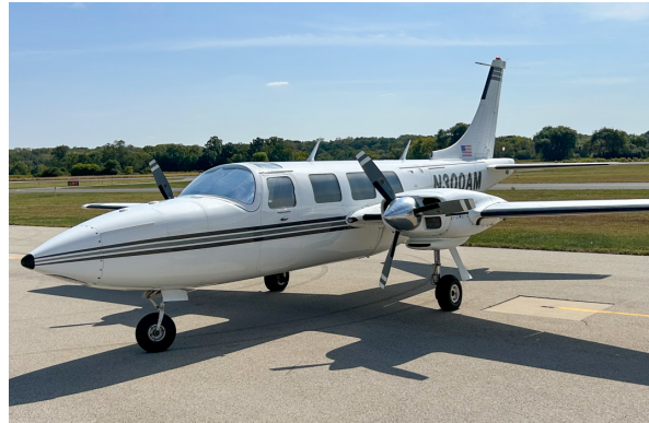
Aerostar 601P Windshield Heatshield

Windshield Heatshields are interior sunshades for an aircraft's front windshield. The product is a unique composite of closed-cell foam with a silver mylar finish. The semi-rigid design is stiff enough to stand along the inside of the windshield using sun visors or window framing. It folds up flat and easily stores in the included storage sleeve. Some designs may require velcro and suction cups or split right and left sides. A Heatshield is an excellent short-term remedy for cockpit overheating. An external fabric cover is far more effective and practical for long-term protection.
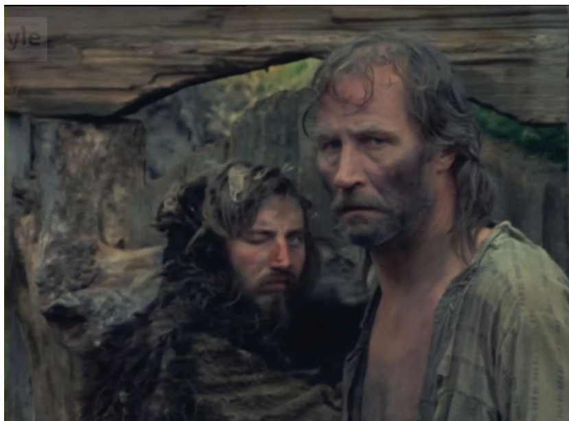
Video 2. The arrival of Väinö to somewhat brutal "Pohjola". ( Rauta-aika , YLE 1982).

The second scene set in Pohjola illustrates the difficult quest of Ilmari to forge the Sampo. The action takes place at the foot of the hill on which the village of Pohjola has been constructed. Ilmari the blacksmith and his subordinates spend a long time at the site forging the Sampo; autumn turns into winter and winter turns into spring before the goal is finally achieved. In the meantime, Ilmari has lit a large bonfire at the foot of the cliff, possibly to extract metal for the Sampo, constructed a shed for his smithy and painted hieroglyph-like inscriptions to the adjacent cliff face. After Ilmari has succeeded in forging the Sampo, the action moves elsewhere and the village of Pohjola is shown only once more in the series.
______
Write out the whole listing above exactly; do not include the pictures.

Finished exercise:
Aerostar 601P Windshield Heatshield

Windshield Heatshields are interior sunshades for an aircraft's front windshield. The product is a unique composite of closed-cell foam with a silver mylar finish. The semi-rigid design is stiff enough to stand along the inside of the windshield using sun visors or window framing. It folds up flat and easily stores in the included storage sleeve. Some designs may require velcro and suction cups or split right and left sides. A Heatshield is an excellent short-term remedy for cockpit overheating. An external fabric cover is far more effective and practical for long-term protection.
Video 2. The arrival of Väinö to somewhat brutal "Pohjola". ( Rauta-aika , YLE 1982).

The second scene set in Pohjola illustrates the difficult quest of Ilmari to forge the Sampo. The action takes place at the foot of the hill on which the village of Pohjola has been constructed. Ilmari the blacksmith and his subordinates spend a long time at the site forging the Sampo; autumn turns into winter and winter turns into spring before the goal is finally achieved. In the meantime, Ilmari has lit a large bonfire at the foot of the cliff, possibly to extract metal for the Sampo, constructed a shed for his smithy and painted hieroglyph-like inscriptions to the adjacent cliff face. After Ilmari has succeeded in forging the Sampo, the action moves elsewhere and the village of Pohjola is shown only once more in the series.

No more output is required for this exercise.